There are two datasets:

  1. Log data: Contains the redshift data, the extinction coefficient data and classification for each object.
  2. Light curve data: Multi-wavelength flux (value and error) across time per object.

Only the train dataset is used as it had the classification class necessary for evaluation.

Dataset

  1. Log data
  • The total number of object is 3043 and there are no duplicates, missing data nor wrong labels.
  • All redshift and extinct coefficient values are non-negative and within expected range of values, hence there is no anomalous data.
  • The dataset is highly imbalanced with roughly 5% (148/3043) TDE events.
  • Redshift causes time dilation (observed interval is stretched) and longer wavelengths (wavelength observed by the filter is actually longer than the actual wavelength).
  • Applying the redshift correction on flux data will cause the wavelength range to be inconsistent across objects making it difficult to compare and extract the features across all objects (each object has different redshift value), therefore no redshift correction is done on the light curve but the redshift value will be added as one of the features to help in classification.
  1. Light curve data
  • Observation had 6 wavelengths: g, i, r, u, y, z.
  • There is missing data in flux values and those rows are dropped.
  • There are 21 objects (less than 1% of overall data) with missing data for at least one wavelength, and they are removed as it does not affect the overall target distribution.
  • Objects IDs with too few number of data points (less than 5) for a wavelength are filtered out since no meaningful features can be extracted from short time series.
  • After filtering, there is 2868 objects left.
  • From plotting some flux data, the multi-wavelength light curve are irregularly sampled, with inconsistent length and time period across all objects and across the different wavelength for a single object.
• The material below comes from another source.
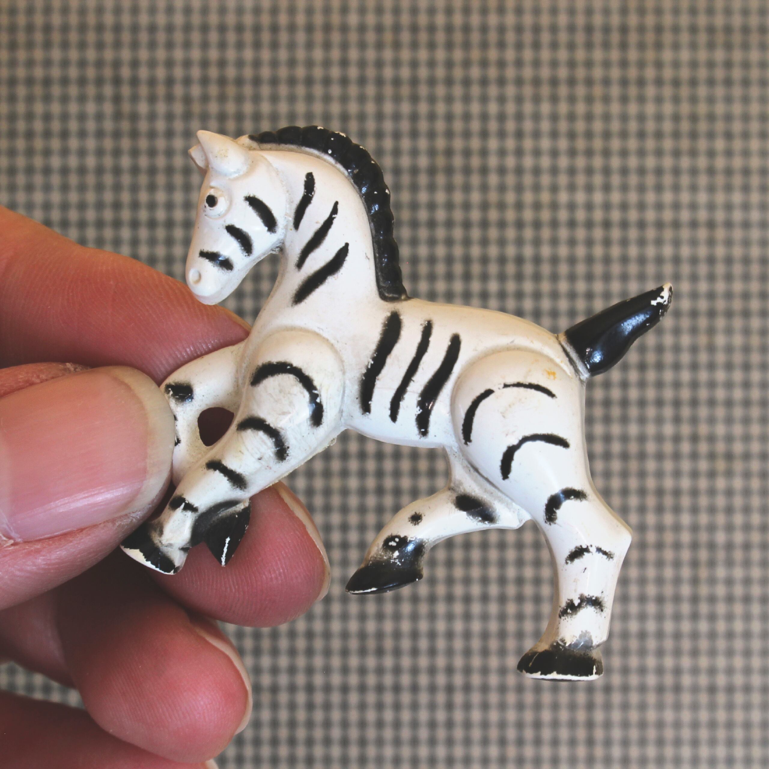 上目遣いのなんともいえない表情が個性的なシマウマのブローチ。動物のなかでもシマウマはなかなか見かけない珍しいモチーフです。プラスチックでとっても軽いので、タートルネックやブラウスの襟部分に付けていただくのもおすすめです◎

Hence, this property has to be considered when doing feature extraction. Scatter plot of multi-wavelength light curve for an object
  • Extinction coefficient from log data represents the extent of the dimming of the light curve due to scattering/absorption as it cross space to reach the observation sensor. Flux correction is applied on all wavelengths to get back the actual flux and flux error values of the light curve following the code provided along with the dataset which uses the Fitzpatrick99 extinction law from the extinction library. After correction, the flux values changes slightly but the time stamps remain unchanged.

Classifier

The trained classifier is obtained by fitting to the train set using the best hyperparameters obtained from stratified Kfold cross validation hyperparameter tuning process. There are two types of binary classifier to evaluate. Both models include the early stopping mechanism by monitoring the validation set loss to prevent overfitting and accelerate the hyperparameter tuning process as well as weighted binary log loss (weights are the inverse frequency of class size) to handle the class imbalance.

1) Logistic Regression

Logistic regression is one of the fast and effective binary classifier with high interpretability (from feature weights). The SGDClassifier model from sklearn is used instead of the LogisticRegression model since it allows for per epoch loss/metric monitoring which is required for early stopping mechanism. Elastic net regularization is included to prevent overfitting. The logistic regression class can be found in src/train/logreg_trainer.py.

2) LightGBM (Light Gradient Boosting Machine)
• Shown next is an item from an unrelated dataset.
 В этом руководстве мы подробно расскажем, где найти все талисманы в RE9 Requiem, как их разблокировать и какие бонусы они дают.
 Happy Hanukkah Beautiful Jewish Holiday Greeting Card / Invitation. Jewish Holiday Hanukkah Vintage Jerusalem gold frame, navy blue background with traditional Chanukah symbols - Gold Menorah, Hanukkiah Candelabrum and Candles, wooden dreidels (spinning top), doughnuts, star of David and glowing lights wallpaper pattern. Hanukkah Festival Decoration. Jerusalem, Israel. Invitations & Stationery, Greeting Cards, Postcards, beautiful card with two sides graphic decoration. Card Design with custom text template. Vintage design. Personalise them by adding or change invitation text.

The LGBMClassifier model from lightgbm library is used for classification. Compared to another high performing boosting algorithm, XGBoost, LightGBM allows for faster training through histogram based splitting, Exclusive Feature Bundling and Gradient-based One-Side Sampling which is suitable for large dataset. Regularization and subsampling of features/data points are applied to prevent overfitting. The LighGBM class can be found in src/train/lgbm_trainer.py.

Metrics

Due to the high class imbalance, accuracy score is misleading. Binary F1 score is used as the metric for evaluation as it focuses on the minority class (TDE class) and provide a balance between precision and recall.

Hyperparameter tuning

The original train set is split to a train and test set. Hyperparameter tuning is done on the new train set using the Optuna library with multivariate Tree-structured Parzen Estimator (TPE) as the Bayesian search algorithm that can handle hyperparameters with correlation and median pruner as the pruner to stop unpromising trials (trial whose performance is poorer than the median score of completed trials are pruned before fitting/evaluating on all folds). A pre-determined number of random trials is done to set the initial search space before TPE is applied.

Stratified Kfold cross validation is used to select the hyperparameters to handle the class imbalance and also ensure robust evaluation on validation set. The average binary F1 score across all the k fold validation set (obtained by early stopping/reach maximum iterations) is the metric to optimize in the Bayesian search as the binary classifier aims to have the optimal F1 score.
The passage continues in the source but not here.